After spending months complaining about the disparity between the United States and other nations' duties, along with the unfair treatment of U.S. exporters, President Trump is once again threatening to pull the plug on one of the best tariff-equalizing deals ever made: the North American Free Trade Agreement. As always, his allies argue that this is a brilliant negotiating strategy to force the Democrats to adopt his new NAFTA. I don't know if that strategy will succeed, but it's incredibly inconsistent with his stated goal of wanting lower and reciprocal tariffs on U.S. exports.

A quick reminder of how we got here: From day one in the White House, the president has declared his intention to pull out of NAFTA. He has claimed many times that the 1994 deal was the worst deal ever agreed to by the United States. He used this threat of withdrawal to extract a new deal with Canada and Mexico called the United States-Mexico-Canada Agreement (USMCA), a deal he modestly labeled "the most important trade deal we've ever made by far."

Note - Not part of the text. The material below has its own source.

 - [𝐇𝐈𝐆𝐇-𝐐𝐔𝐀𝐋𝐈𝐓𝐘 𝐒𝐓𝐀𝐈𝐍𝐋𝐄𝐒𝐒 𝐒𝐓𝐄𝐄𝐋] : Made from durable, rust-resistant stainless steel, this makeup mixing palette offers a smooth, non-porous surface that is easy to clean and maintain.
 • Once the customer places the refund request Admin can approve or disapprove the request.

This statement, however, should be taken with a grain of salt. In fact, while the USMCA includes some needed modernization to the 25-year-old NAFTA and delivers a sliver of trade liberalization in a few areas, on net it's more protectionist than NAFTA, due to punishing new "rules of origin" and high minimum-wage requirements. But no matter how imperfect the agreement is, it may ease the fear of a NAFTA withdrawal—for now, at least.

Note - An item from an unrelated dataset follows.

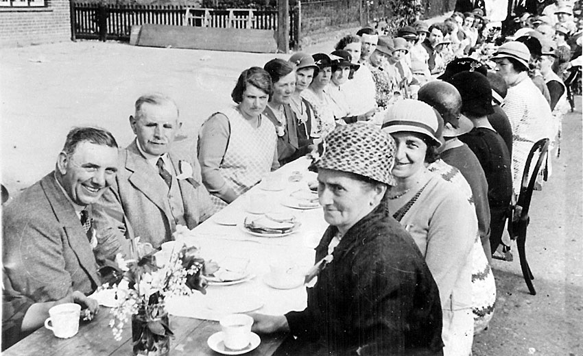 A party in the High Street, at this end of the table are seated,Dick Eakins, Mr Tebby, May Frost, Elsy Walker, Edith Price, Mrs H Hartrop, and Mrs Mead.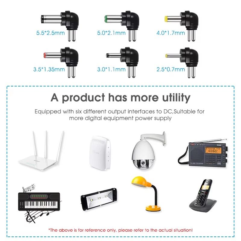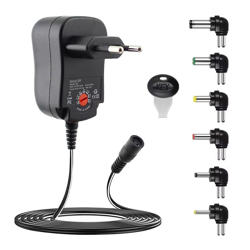 Це універсальний блок живлення для мультимедійних та персональних цифрових електронних пристроїв. Він оснащений перемикачем для вибору потрібної напруги та набором роз'ємів. Вибір напруги можливий від 3 до 12 В. У комплект входить 6 видів змінних роз'ємів. Напругу можна вибрати за допомогою потенціометра, ключ до якого йде в комплекті.

With the Democrats regaining a majority in the House, the future of the USMCA is somewhat in limbo. As a result, the president is in full attack mode. He announced last weekend, "I will be formally terminating NAFTA shortly…. And so Congress will have a choice of the USMBCA or pre-NAFTA, which worked very well."

I fail to see what leverage the president believes he has against the Democrats. For one thing, they have always largely opposed free trade in general. I doubt that moving away from trade liberalization will be a big problem for them. Besides, since Trump's election, the Democrats' strategy has consisted of opposing him at every turn. With this ultimatum, Trump is giving them a golden opportunity to do just that. The cherry on top is that he will likely be blamed for the economic downfall that would inevitably follow the end of NAFTA.

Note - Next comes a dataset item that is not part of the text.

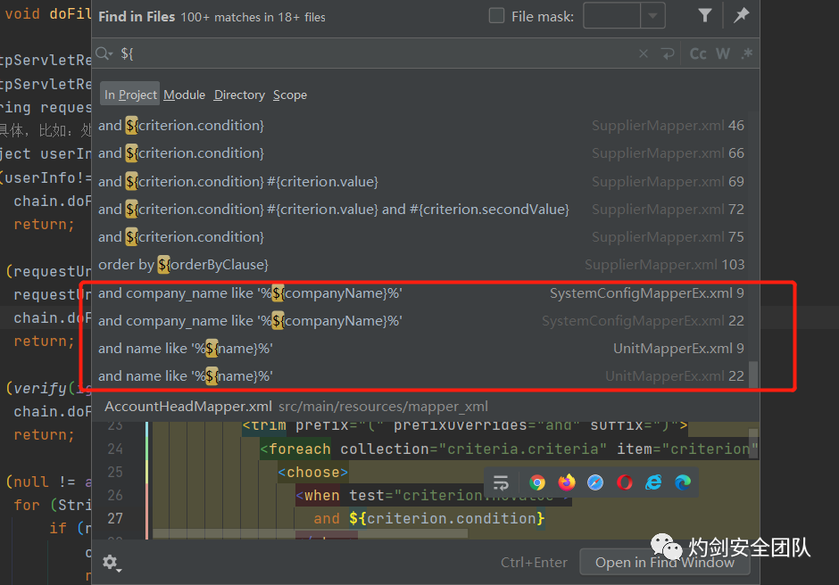 或者pom.xml中看到系统使用的是Mybatis框架,可以直接去审查Maper.xml文件,查看是否使用$拼接。

I also fail to see how the president sees a return to the pre-NAFTA world as advancing his goal of reciprocity in trade duties. Under NAFTA, all U.S. exports going to Mexico are duty-free, as are non-agricultural U.S. exports to Canada. Even in spite of the Canadians' high dairy duty, 97 percent of U.S. agricultural exports go to our neighbor to the north duty-free. In exchange, Mexico and Canada export their goods to us free of tariffs.

A withdrawal would shatter this balance. Not only will tariffs go up, hurting consumers and exporters in all three countries, but the tariffs would be highest on U.S. exports to Canada and Mexico. As my colleague Dan Griswold explained to me, "without NAFTA, U.S. duties on imports would jump from virtually zero to an average of 2.3 percent on non-farm products and 3.8 percent on farm products. The corresponding average duties in Canada would jump to 2.3 and 12.4 percent, and in Mexico to 3.5 and 20.1 percent."

In other words, by his own standard, President Trump would make trade even more "unfair" to American exporters than it was when he came into office. But it gets worse. As it happens, Mexico is the king of free trade agreements. The country has some 40 agreements with other nations. Unlike Americans, exporters in these favored nations will face low duties when exporting to Mexico.

The bottom line is that if President Trump believes unfair trade is defined by other countries imposing higher tariffs on U.S. exporters than the U.S. imposes on them, he needs the current NAFTA in place in case the Democrats reject the USMCA. If he withdraws and the Democrats pull out of the USMCA, he will have done more to bring about unfair trade to U.S. exporters than anyone before him.